Aim of the task.
All pictures are to be omitted while the lines starting at the line with "التابعين مثل إبراهيم" and ending at the line with "在開幕式上,藏族男女飽含真情" in the material below are retyped exactly, both ends included.

————

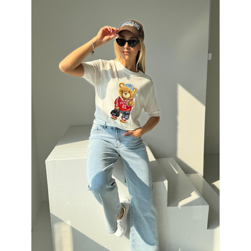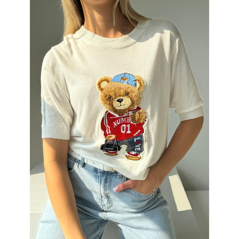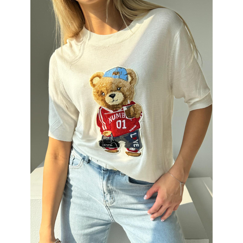 T-shirt z uroczą aplikacją misia. Z przodu znajduje się efektowna, haftowana aplikacja misia w streetwearowym stylu w czapce i sportowej stylizacji.
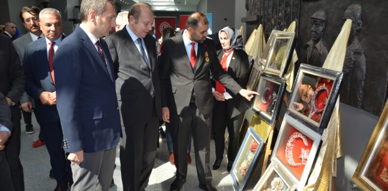 Programın son unda davetliler Kahramankazan 15 Temmuz Gazi ve Şehit Yakınları Derneği ile Halk Eğitimi Merkezinin birlikte düzenlediği kağıt, rölyef, hat sanatı, teship ve ebru sergisini gezdi.
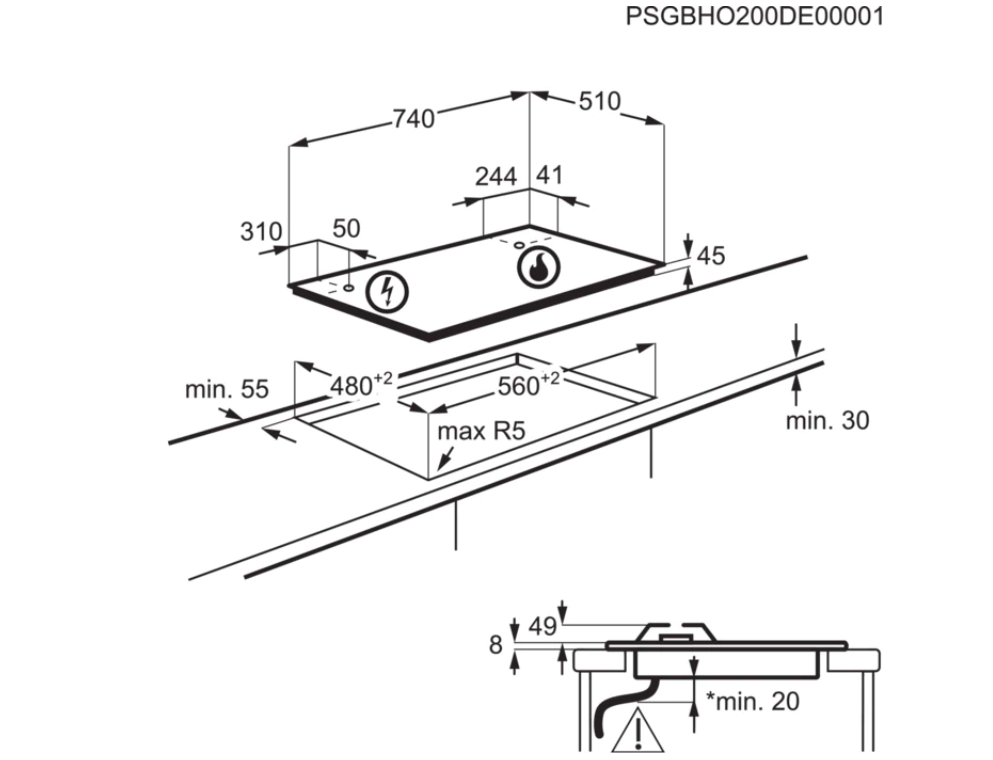 Šířka pro vestavbu cm 56
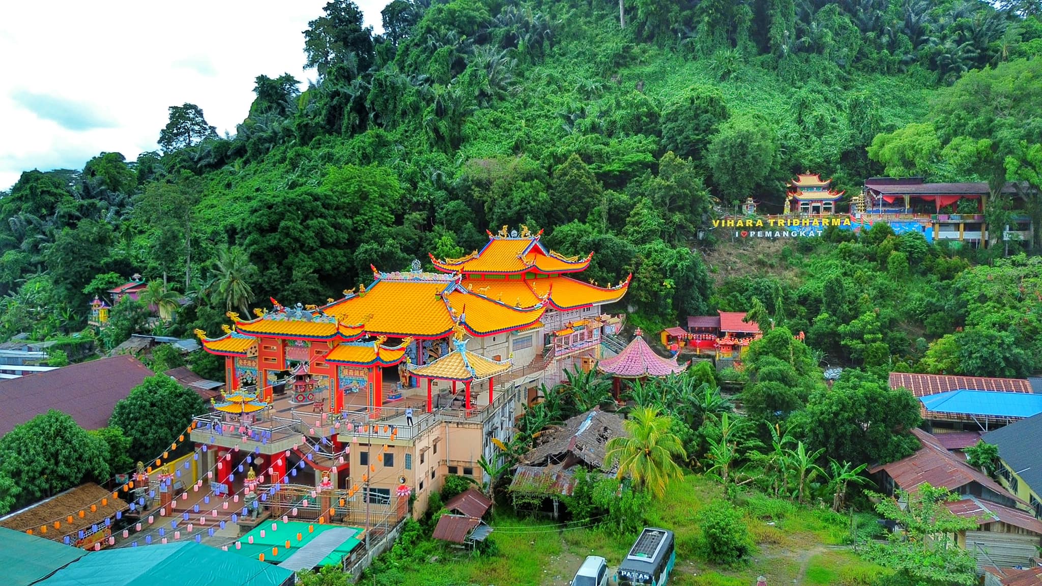 Vihara Tri Dharma Pemangkat, atau Vihara Tri Dharma Bumi Raya, adalah permata budaya yang berdiri megah sejak 1800-an di jantung Kota Pemangkat. Terletak di kaki Gunung Gajah dan menghadap langsung ke pusat kota, vihara berarsitektur Tionghoa ini memancarkan aura spiritual yang kuat sekaligus memikat. Ornamen Mandarin yang klasik, warna merah yang khas, serta suasana tenang menjadikannya tempat ideal untuk merasakan kedamaian sekaligus menikmati keindahan budaya Tionghoa.
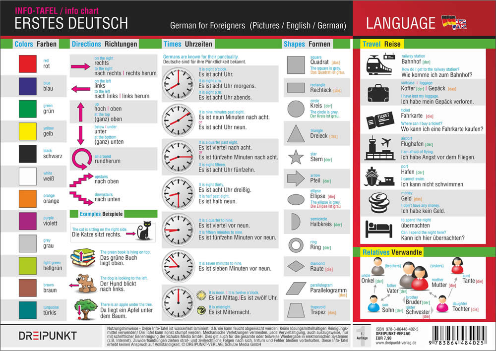Mit dieser Info-Tafel können Menschen jeden Alters, ob mit oder ohne Vorkenntnisse, die wichtigsten Grundlagen der deutschen Sprache erlernen. Viele Bilder, Piktogramme und -für viele wichtig- englische Übersetzungen fördern die Kommunikation und stellen deutsche Begriffe und kurze Sätze einprägsam dar.
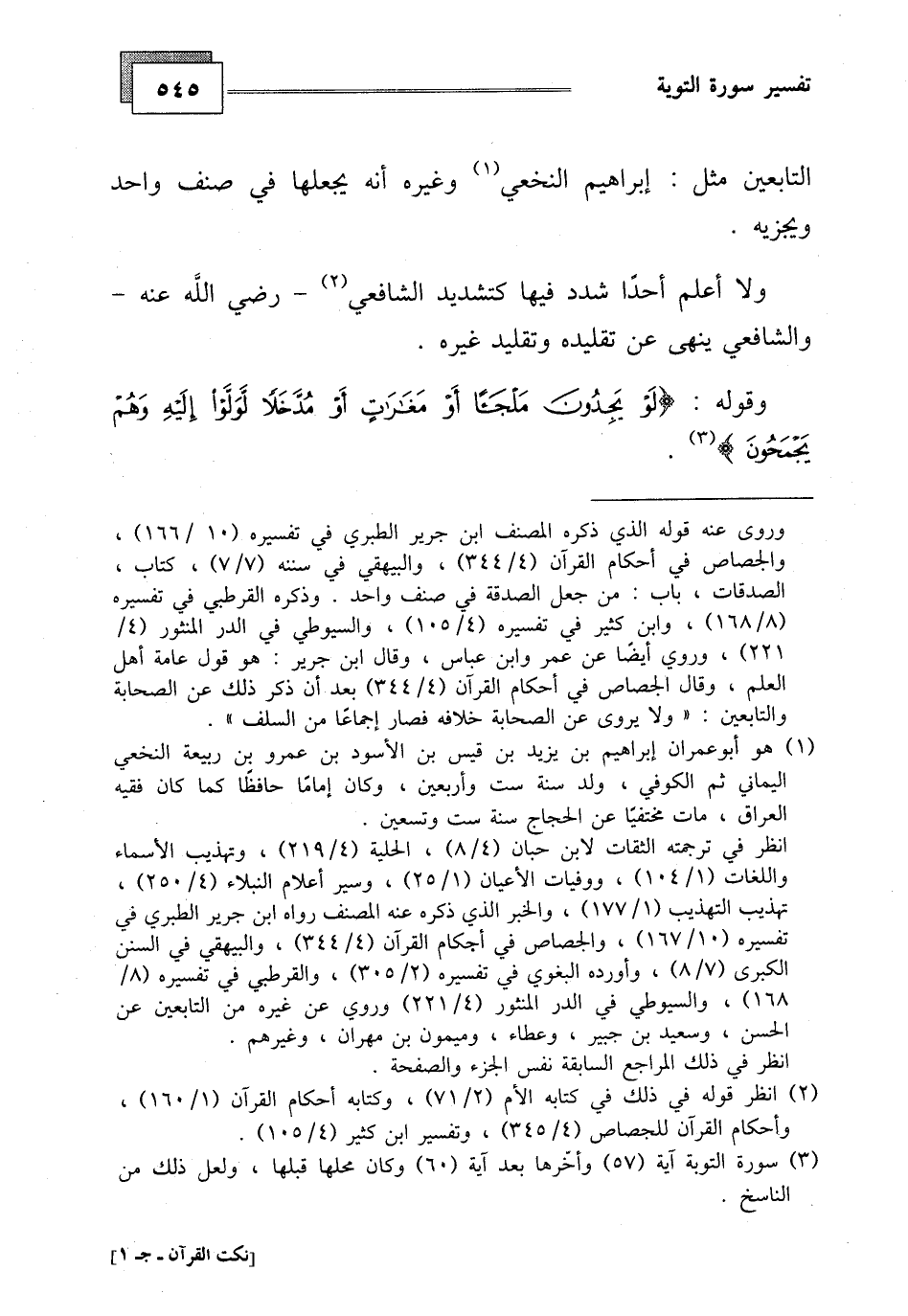 التابعين مثل إبراهيم النخعي وغيره أنه يجعلها في صنف واحد
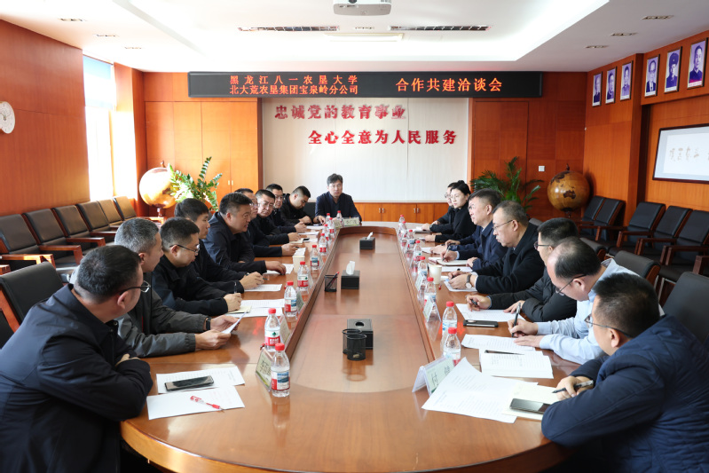 13月26日,北大荒农垦集团宝泉岭分公司党委委员、副总经理任艳军一行来校洽谈交流,副校长孙东波出席会议,...
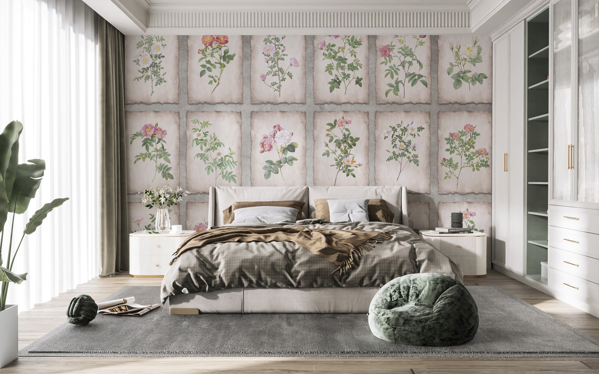 Framed botanicals mural with timeless floral beauty
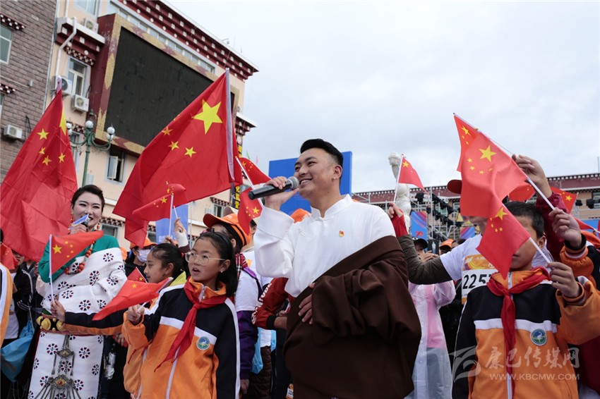 在開幕式上,藏族男女飽含真情領(lǐng)唱《歌唱祖國》,緊接著,托舉五星紅旗的儀仗隊緩緩進場。當雄壯的《義勇軍進行曲》響起,跑者、老師、學生、干部、農(nóng)牧民群眾等向冉冉升起的國旗行注目禮,心里升騰起無比的自豪。
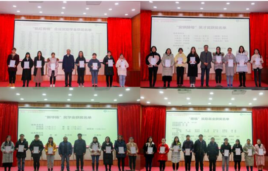 随后,学院院长陈雄宣读了获得2019年度“安琪酵母”英才奖、“新华扬”奖学金、“雁临”奖教奖学金、“凯虹香精”奖助学金名单,参会的领导和嘉宾为获得奖助学金的师生颁发了荣誉证书。

————

Solution for this problem.
 التابعين مثل إبراهيم النخعي وغيره أنه يجعلها في صنف واحد
 13月26日,北大荒农垦集团宝泉岭分公司党委委员、副总经理任艳军一行来校洽谈交流,副校长孙东波出席会议,...
 Framed botanicals mural with timeless floral beauty
 在開幕式上,藏族男女飽含真情領(lǐng)唱《歌唱祖國》,緊接著,托舉五星紅旗的儀仗隊緩緩進場。當雄壯的《義勇軍進行曲》響起,跑者、老師、學生、干部、農(nóng)牧民群眾等向冉冉升起的國旗行注目禮,心里升騰起無比的自豪。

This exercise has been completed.